■ Your task: Your response should contain exactly the lines running from the one with "소장(아래 사진)의 모습." to the end of the data below, both included, and no pictures.

======== Provided data ========

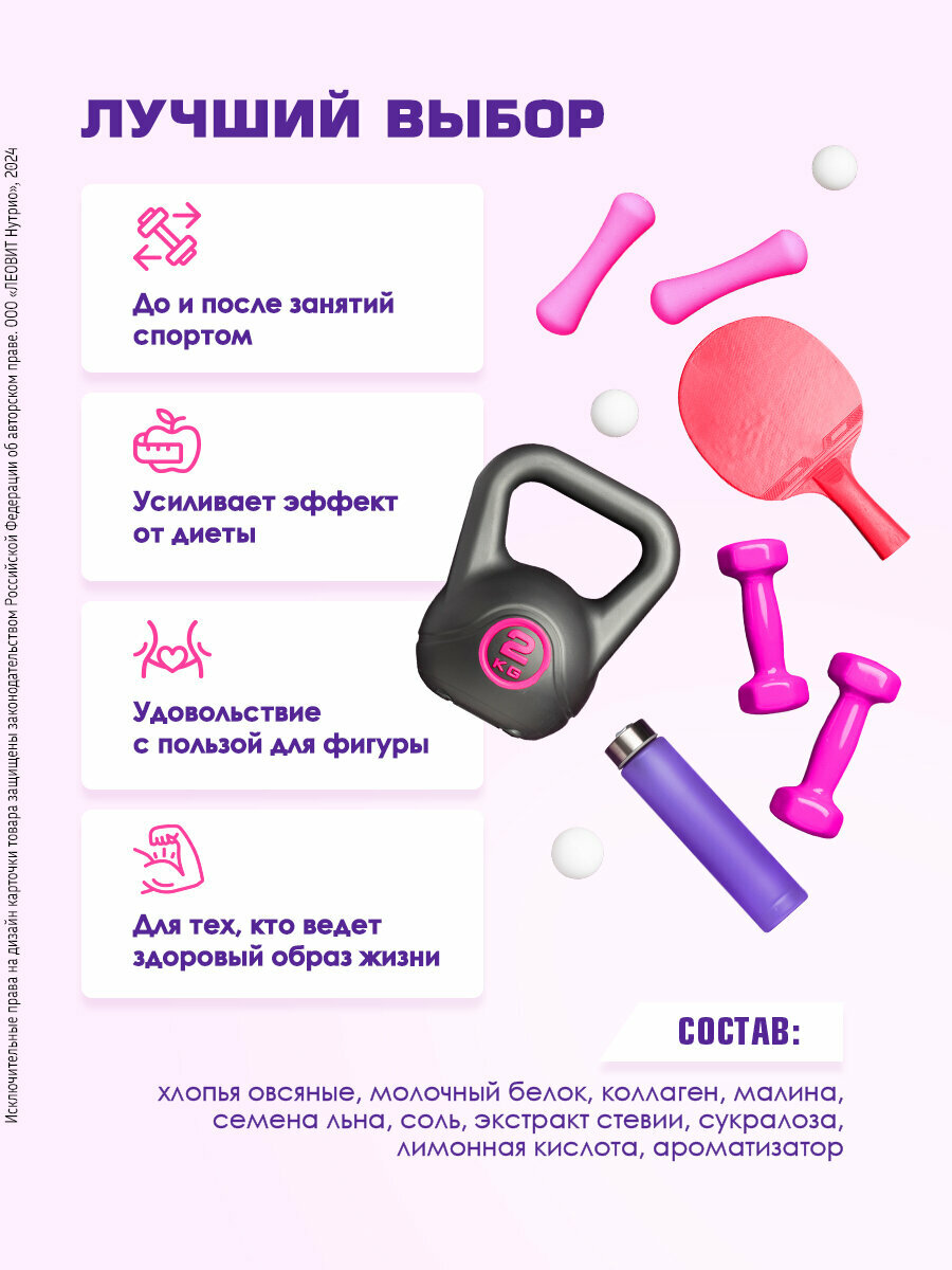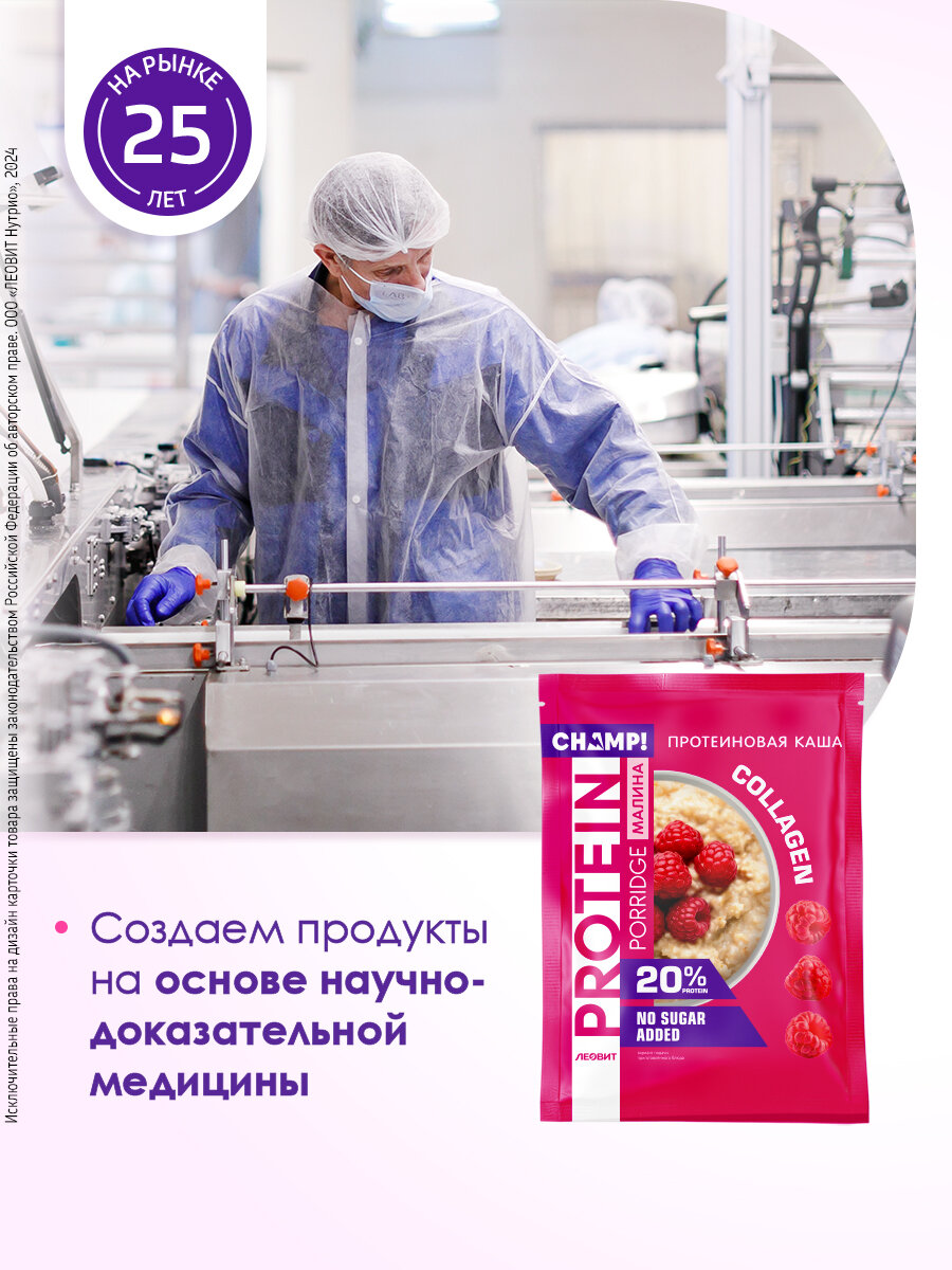 Каша протеиновая овсяная без сахара малиновая 10 шт 40 г с коллагеном Champ ЛЕОВИТ 20% протеина быстрого приготовления интересное:
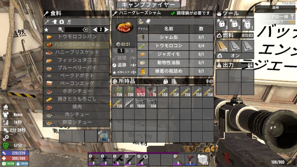 食材自体の入手難易度は軽めで、動物ハント&コーン&キノコ栽培で賄えるので、主食になりそう。
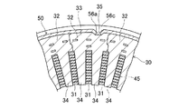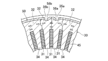 固定子コア30は、円筒形状に成形された固定子巻線40に対して、外周側からティース部33が挿入された所定数の分割コア32により円環状に組み付けられている。これにより、固定子巻線40は、図2に示すように、各導線45の所定のスロット収容部が固定子コア30の所定のスロット31内に収容された状態に組付けられる。この場合、各導線45のスロット収容部は、所定のスロット数(本実施形態では3相×2個(倍スロット)=6個)ごとのスロット31に収容されている。また、導線45の隣り合うスロット収容部同士を接続しているターン部は、固定子コア30の軸方向の両端面30aからそれぞれ突出し、その突出している多数のターン部により、固定子巻線40の軸方向両端部にコイルエンド部42が形成されている。
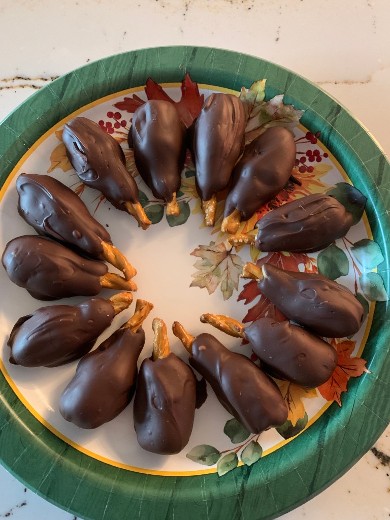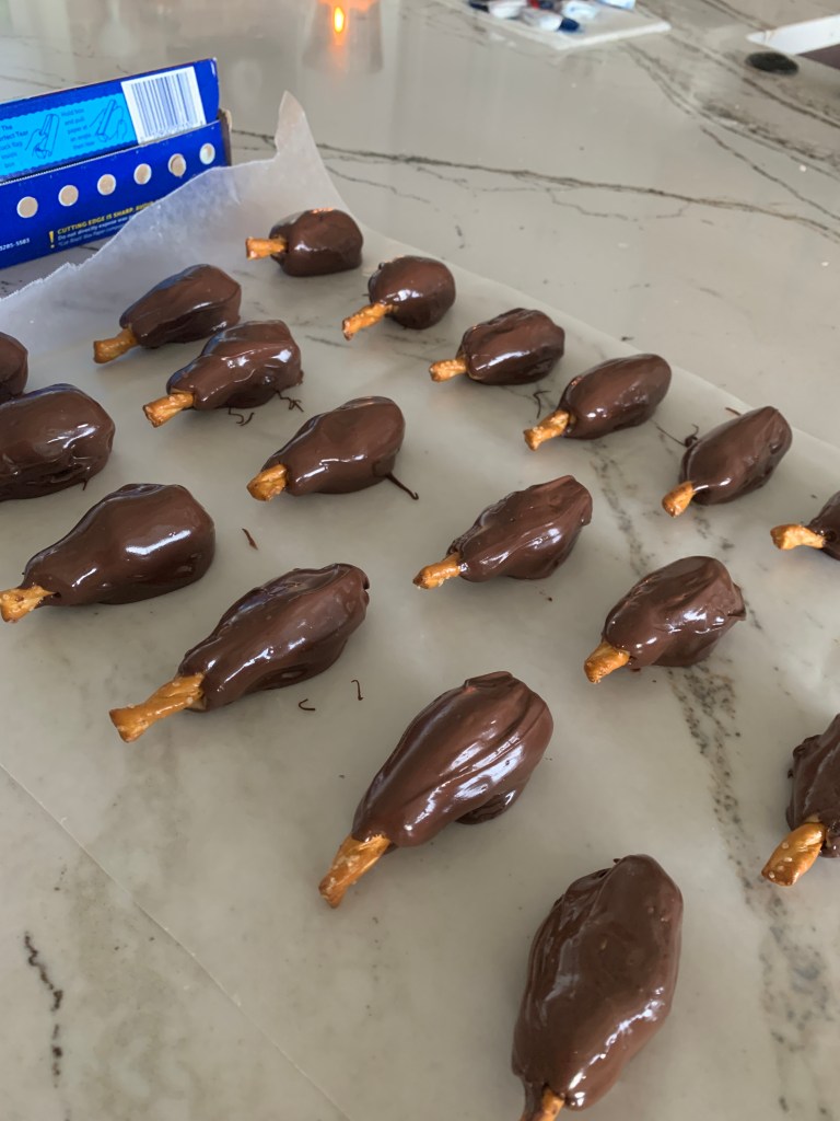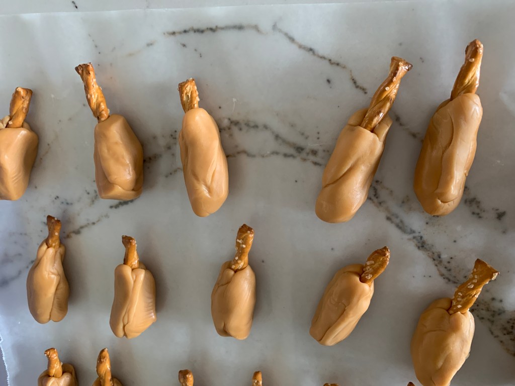 You mold 2 carmels around each pretzel to look like a turkey leg.
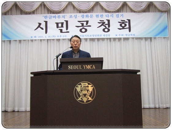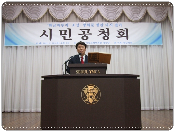 ▲ 2011년 2월 11일 오후 2시부터 서울기독교청년회관(YMCA, 종로2가) 대강당에서 열린 '한글마루지 조성/광화문 현판 다시 걸기 시민 공청회'의 모습. 3분 의견 발표를 하고 있는 이태길 님(사진 위)과 한류전략연구소 신승일 소장(아래 사진)의 모습.
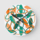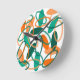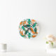 Den här klockan har en modern utformning av ovaler och ovala konturer i orange och teal i mitten av århundradet.
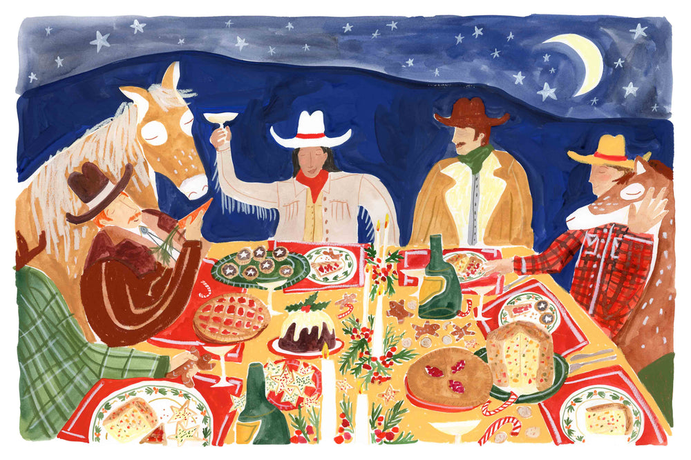 It’s the end of the year, and everyone from the ranch (animals included) has gathered to celebrate in this festive piece by Melissa Lakey. Titled "A Feast Under the Stars," it brings an abundance of western warmth and cheer to your walls this holiday season, where you’ll hopefully be gathering with family and friends too. Celebrate the most joyful time of the year with a print that spreads cheer all season long.

========

■ Exercise solution:
 ▲ 2011년 2월 11일 오후 2시부터 서울기독교청년회관(YMCA, 종로2가) 대강당에서 열린 '한글마루지 조성/광화문 현판 다시 걸기 시민 공청회'의 모습. 3분 의견 발표를 하고 있는 이태길 님(사진 위)과 한류전략연구소 신승일 소장(아래 사진)의 모습.
 Den här klockan har en modern utformning av ovaler och ovala konturer i orange och teal i mitten av århundradet.
 It’s the end of the year, and everyone from the ranch (animals included) has gathered to celebrate in this festive piece by Melissa Lakey. Titled "A Feast Under the Stars," it brings an abundance of western warmth and cheer to your walls this holiday season, where you’ll hopefully be gathering with family and friends too. Celebrate the most joyful time of the year with a print that spreads cheer all season long.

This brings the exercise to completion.